The seven dwarfs

The 7 dwarfs went to the Vatican, and because they are “THE DWARFS”, they are ushered in to see the Pope.
Dopey leads the pack.
“My son,” says the Pope, “What can I do for you?”
Dopey replies, “Excuse me, your Excellency, but are there any dwarf nuns in Rome?”
The Pope wrinkles his brow at the odd question, thinks for a moment and answers, “No, Dopey, there are no dwarf nuns in Rome.”
In the background, a few of the dwarfs start giggling. Dopey turns around and gives them a glare, silencing them.
Dopey turns back, “Your Worship, are there any dwarf nuns in all of Europe?”
The Pope, puzzled now, again thinks for a moment and then answers, “No, Dopey, there are no dwarf nuns in Europe.”
This time, all the other dwarfs burst into laughter. Once again, Dopey turns around and silences them with an angry glare.
Dopey turns back to the Pope and says, “Mr. Pope, are there ANY dwarf nuns anywhere in the world?”
“I’m sorry, my son, there are no dwarf nuns anywhere in the world.”
The other dwarfs collapse into a heap, rolling and laughing, pounding the floor, tears rolling down their cheeks as they begin chanting…

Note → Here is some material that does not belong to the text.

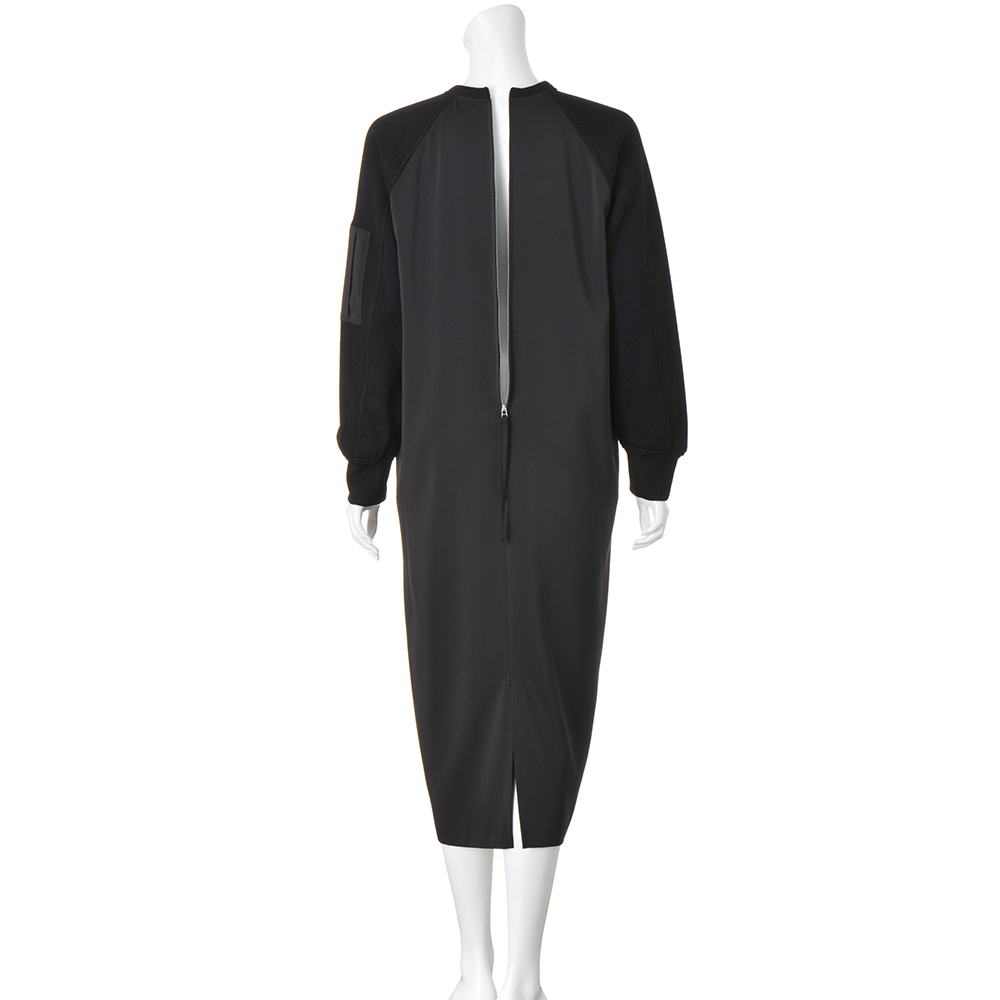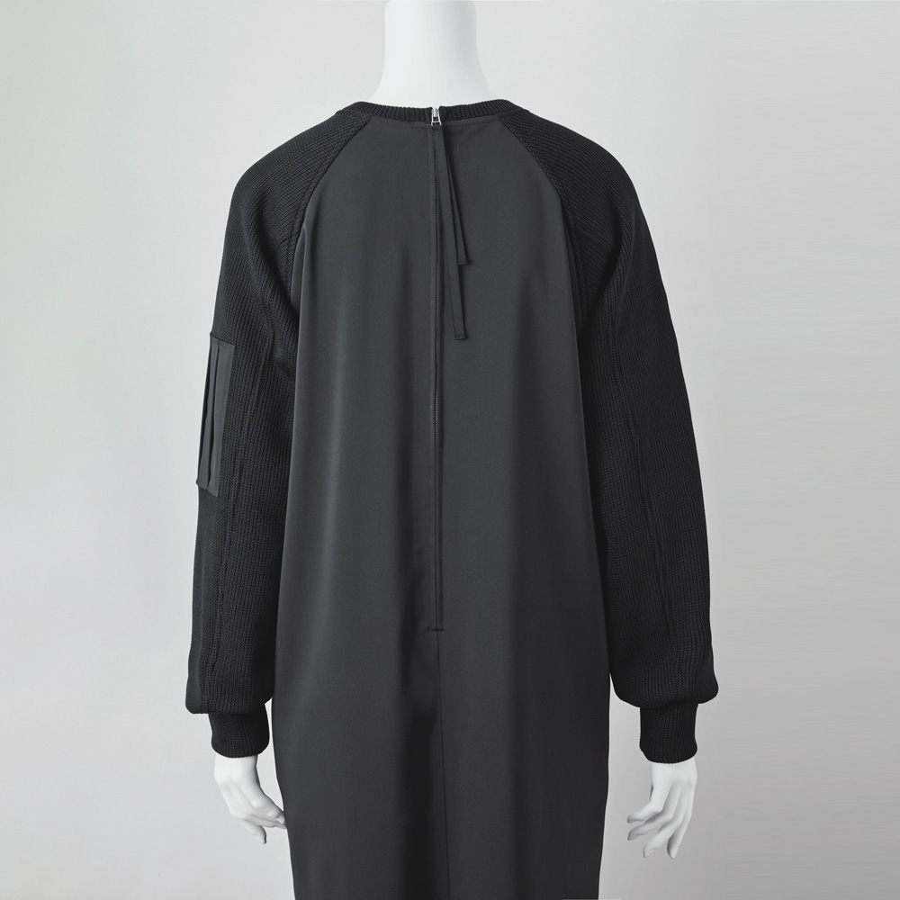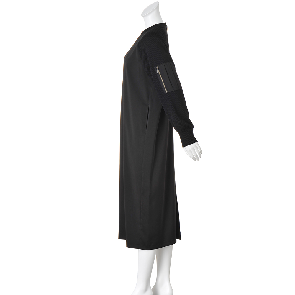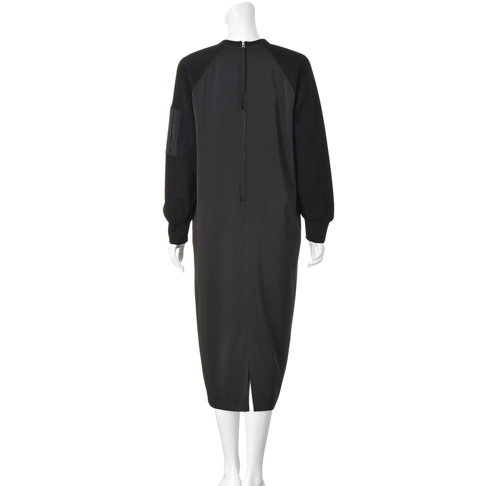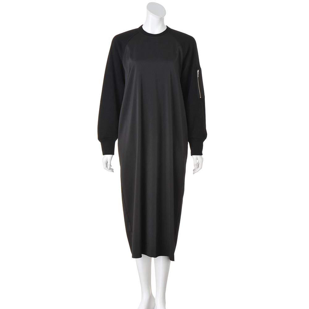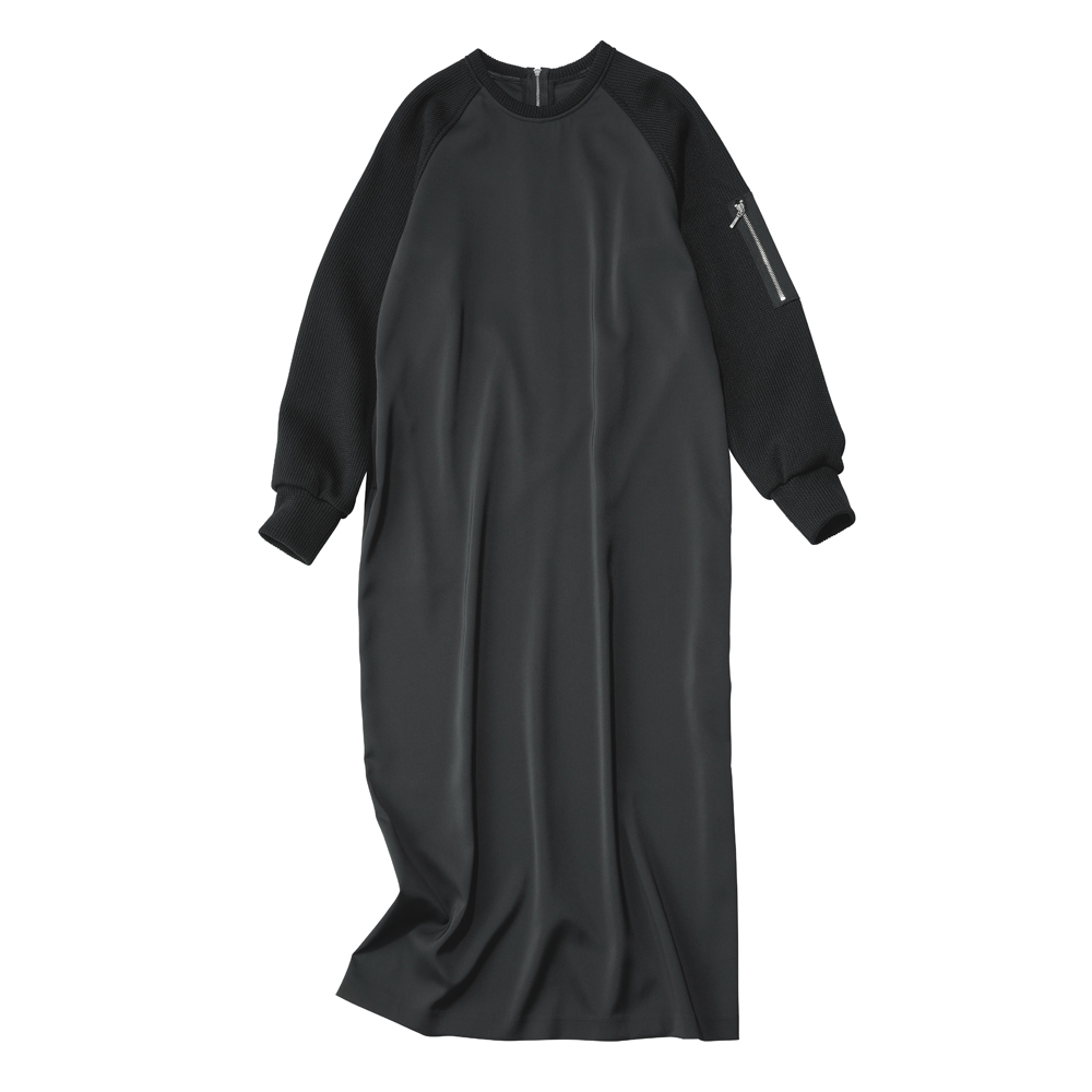 日常のお洒落に今どきのテイストをON街で着るのが似合う大人のヘルシーカジュアル毎日のスタイリングに欠かせない、程よくカジュアルで、どこかスポーティな旬の服。着映えはもちろん、親近感や好感度も手に入る、冬のマストハブをご用意しました。コントラストのある異素材使いがお洒落上級者の証一枚で装いが決まるラグランスリーブのワンピースは、袖にざっくりニットのような見た目のジャージー、身頃に布帛を使った異素材の組み合わせ。左袖のシガレットポケットが、洗練されたカジュアルムードを引き立てます。布帛部分は程よいツヤと落ち感があり、気になるボディラインを拾いにくく、後ろ裾のスリットで足捌きのよさも◎。合わせるアクセサリーや小物でイメージを変えたり、ジャケットやコートインはもちろん、インナーにタートルを重ねても。

“Dopey f***ed a penguin!…Dopey f***ed a penguin!

[via non blogging Jane]

5 Responses to “The seven dwarfs”

  1. Tam
    March 26th, 2004 02:17


  2. Huwge
    March 26th, 2004 08:09

    That is so not work safe – Thank God I have my own office as I hooted out loud.

  3. Jann
    March 26th, 2004 08:33

    Excellent. You do realise you’re going straight to hell, of course.

  4. trikke d
    March 29th, 2004 12:18

    Very good – brightened up my monday!

  5. owen
    April 7th, 2004 14:03

    Strange the things you remember.

    Line from movie, Absolute Beginners:

    three most useless things “in the world are, the Pope’s Balls, a nun’s tits, and a good write-up in the Record Mirror.” A million years ago, your joke bringing to mind.

    Very very funny joke. I’ve written it down to tell all my Catholic and or animial rightsy friends. I don’t know any dwarves.